O fato de o Supremo Tribunal Federal decidir a portas fechadas se recebe denúncia contra o ministro Paulo Medina, afastado do Superior Tribunal de Justiça, não beneficia a defesa. A opinião é o advogado do ministro, Antonio Carlos de Almeida Castro, o Kakay.
O advogado disse à revista Consultor Jurídico que tudo o que poderia ser exposto contra o ministro já foi. “O momento agora é o de a defesa responder às acusações. E essa resposta deveria ser pública, já que todas as acusações, muitas delas que nem constam da denúncia, ganharam publicidade por meio dos jornais”, afirmou Kakay.

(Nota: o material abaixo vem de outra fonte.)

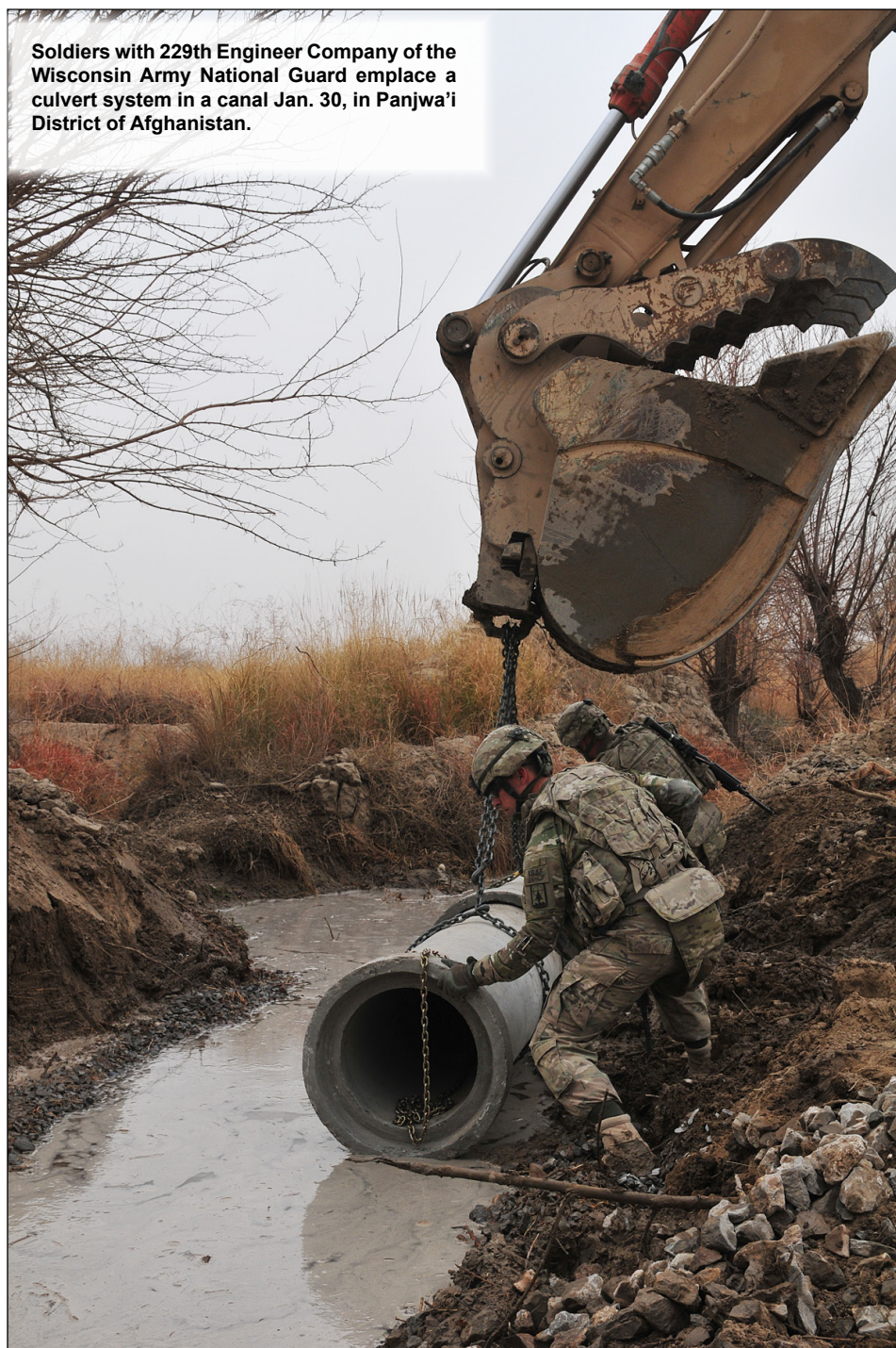
Soldiers with 229th Engineer Company of the Wisconsin Army National Guard emplace a culvert system in a canal Jan. 30, in Panjwa'i District of Afghanistan.
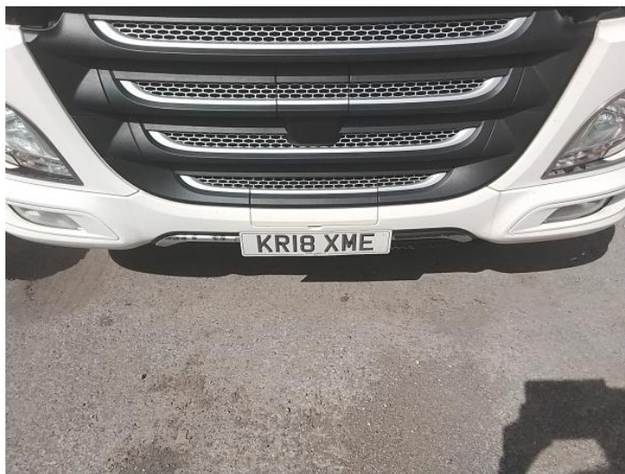
2: Bumper Front Chipped Multiple Chips
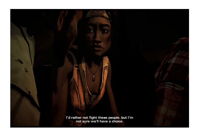
Datum 3 Picture 3 Stating That They Don't Have a Choice

After breaking free from the underground where Michonne and her friends were held captive, they hid inside a boat and tried to figure something out to escape from the island. During that situation, everyone was scared if they could not make it out alive. Sam, one of Michonne's friends, suggested that they should just make an offensive attack to escape from the community to keep surviving. Pete disagreed with the idea at first, and then Michonne replied by saying, "I'd rather not fight these people, but I'm not sure we'll have a choice." which indicated that she was scared too, but in order to survive and escape, they had to fight back because they had no other choices or options on how they could escape. By the time, the enemies had been looking around for Michonne and her friends.

O Supremo julgará nesta quarta-feira (19/11), em sessão secreta, se transforma em ação penal a denúncia contra Medina e outros quatros acusados de crimes contra a administração pública e venda de decisões judiciais. Os autos chegaram ao STF em agosto de 2006 e, desde então, tramitam em segredo de Justiça. Em abril de 2007, o ministro Cezar Peluso, relator, deferiu pedido do procurador-geral da República e desmembrou o inquérito. Os acusados que não têm foro no STF tiveram o processo remetido para a 6ª Vara Federal do Rio de Janeiro, de onde se originaram as investigações.
Os outros investigados no STF são o irmão do ministro, Virgílio Medina; o desembargador federal do TRF-2 José Eduardo Carreira Alvim; o juiz do Trabalho Ernesto Pinto Dória; e o procurador-regional da República João Sérgio Leal Pereira. O desembargador federal José Ricardo de Siqueira Regueira, que também era investigado, morreu em julho deste ano.

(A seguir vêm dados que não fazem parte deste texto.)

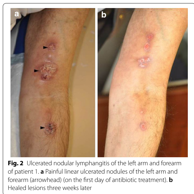
Fig. 2 Ulcerated nodular lymphangitis of the left arm and forearm of patient 1. a Painful linear ulcerated nodules of the left arm and forearm (arrowhead) (on the first day of antibiotic treatment). b Healed lesions three weeks later

moat sediment and from sludge obtained from a sewage treatment plant. To date, only nine clinical isolates of N. takedensis have been reported in human [2–7, 13–15]. The main clinical and microbiological features of N. takedensis isolates are summarized in the Table 1. Including the two patients of our study, the mean patients’ age was 64 years (33–87 years), with a sex ratio of 1.25. N. takedensis is mostly involved in primary cutaneous Nocardiosis, just as the closely related species N. brasiliensis is [16, 17]. Indeed, seven out of eight infected patients (88%) presented various forms of skin and soft tissue infections such as cellulitis, chronic skin ulceration, lymphangitis, or mycetoma, that occurred several days after a skin lesion allowing bacterial inoculation [3–7, 15, our study]. In one patient N. takedensis was isolated from a respiratory specimen but without any clinical or radiological signs of pulmonary Nocardiosis, therefore corresponding to a transient pulmonary colonization [13]. For the last three clinical isolates reported in the literature, no clear and substantial data referring to the clinical cases were available [2, 14, 15].
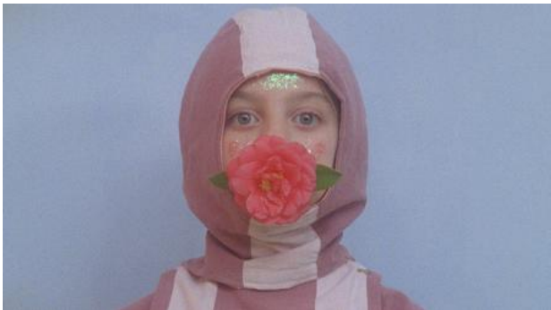
Lose Voice Toolkit (video still), 2024 super 16mm transferred in 2K, , 18'30"
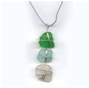
JSS1011 Sterling 3-Tiered Drop Necklace $120.00
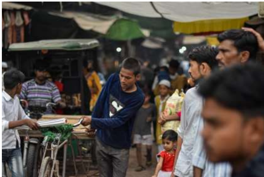
Bazar in a Muslim Mohallah, Firozabad, Uttar Pradesh.

With the support of SEARCH (University of Strasbourg), LINCS (University of Strasbourg) and LAVUE (University Paris 8)
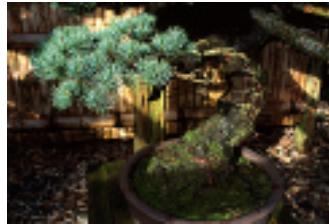
Pinus pentaphylla zuisho - Tachiki style - 5 needles pine

Para Kakay, o fato de a sessão ser secreta prejudica os advogados que respeitaram o sigilo imposto aos autos e não se manifestaram sobre o caso porque, agora, não terão a chance de expor publicamente os argumentos em favor dos acusados. Ganha quem vazou as acusações para a imprensa, reclama.
“Se toda a acusação foi pública, a defesa também teria de ser”, considera Kakay. Como não é, acaba por beneficiar quem vazou as acusações para a imprensa em vez de proteger a intimidade dos acusados, motivo de um processo ser colocado em segredo de Justiça. “Não se pode ofender em público e pedir desculpas em particular.”
Ansiedade perigosa
O ministro Paulo Medina foi internado duas vezes no mês passado com problemas cardíacos. Amigos do ministro relatam que ele conta os dias para que comece o julgamento do Inquérito 2.424. A suspeita indefinida de que ele participou de um esquema de venda de decisões judiciais o estaria deixando doente.
Para o advogado de Medina, diante da complexidade do caso, o tempo de andamento do processo até agora é bastante razoável. Até célere se comparado a outros casos semelhantes. Mas disse que, por ser ministro e estar há um ano e meio sob suspeição perante os colegas, ele aguarda ansiosamente o julgamento dessa quarta.
No STJ, os ministros preferem não comentar o caso abertamente, mas muitos consideram que, mesmo inocente, dificilmente ele terá condições de voltar a julgar. O ministro foi acusado de negociar, por intermédio de seu irmão Virgílio, uma liminar para liberar 900 máquinas de caça-níqueis aprendidas em Niterói, no Rio de Janeiro, em troca de propina de R$ 1 milhão — como em todos os casos semelhantes, o processo baseia-se em interceptações telefônicas.
A Polícia Federal batizou a ação como Operação Hurricane e a deflagrou no primeiro semestre do ano passado. Foram presas 25 pessoas nos estados do Rio de Janeiro, São Paulo, Bahia e no Distrito Federal. Entre os presos estavam juízes, bicheiros, policiais, empresários e organizadores do Carnaval do Rio.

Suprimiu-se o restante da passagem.